12. In Paragraph 1, A perovskite coating composition in which the weight ratio of the organometal halide and the organic additive is 1:0.01 to 1:0.
8.
13. A method for manufacturing a perovskite thin film comprising the step of coating a perovskite coating composition according to claim 1 onto a substrate to manufacture a perovskite thin film.
14. In Paragraph 13, A method for manufacturing a perovskite thin film, comprising 1 to 30 weight percent of an organic additive based on the total weight of the perovskite coating composition, and controlling the thin film crystallization rate to 20 to 120 (seconds).

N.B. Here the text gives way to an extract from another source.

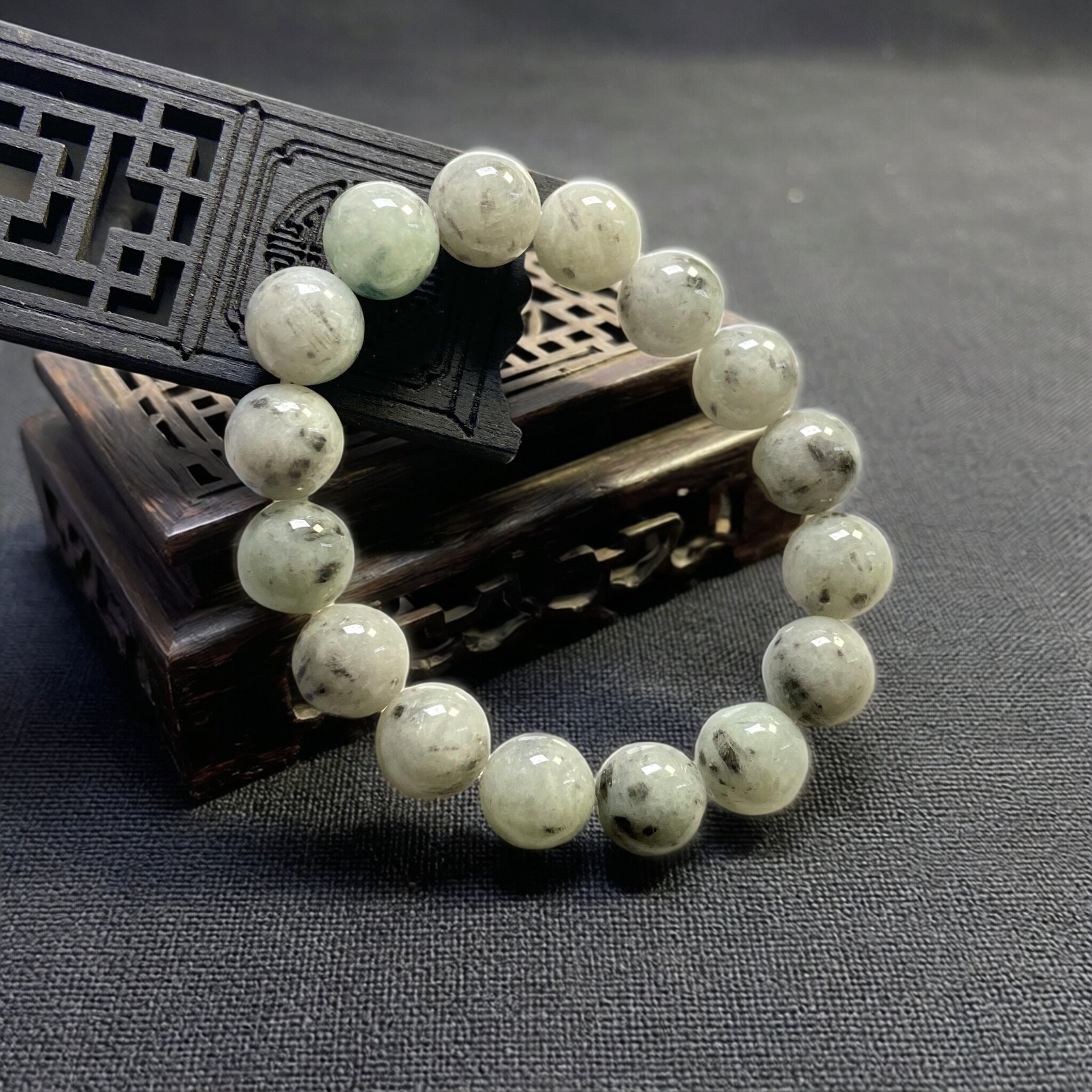 缅甸翡翠手串糯冰黑色灰色半山半水乌鸡手串A货圆珠手链13.7mm

15. A perovskite thin film having a surface defect of 3% or less, wherein the surface defect is calculated from the following Equation 1: [Equation 1] (Area with defects / Total thin film area) x 100 16. In Paragraph 15, The above perovskite thin film is a thin film having a surface roughness (Ra, Roughness Average) of 50 to 120 nm.
17. In Paragraph 15, The area of the above perovskite thin film is 100 cm² 2 Lee Sang-in, perovskite thin film.
18. A solar cell comprising a perovskite thin film according to paragraph 15.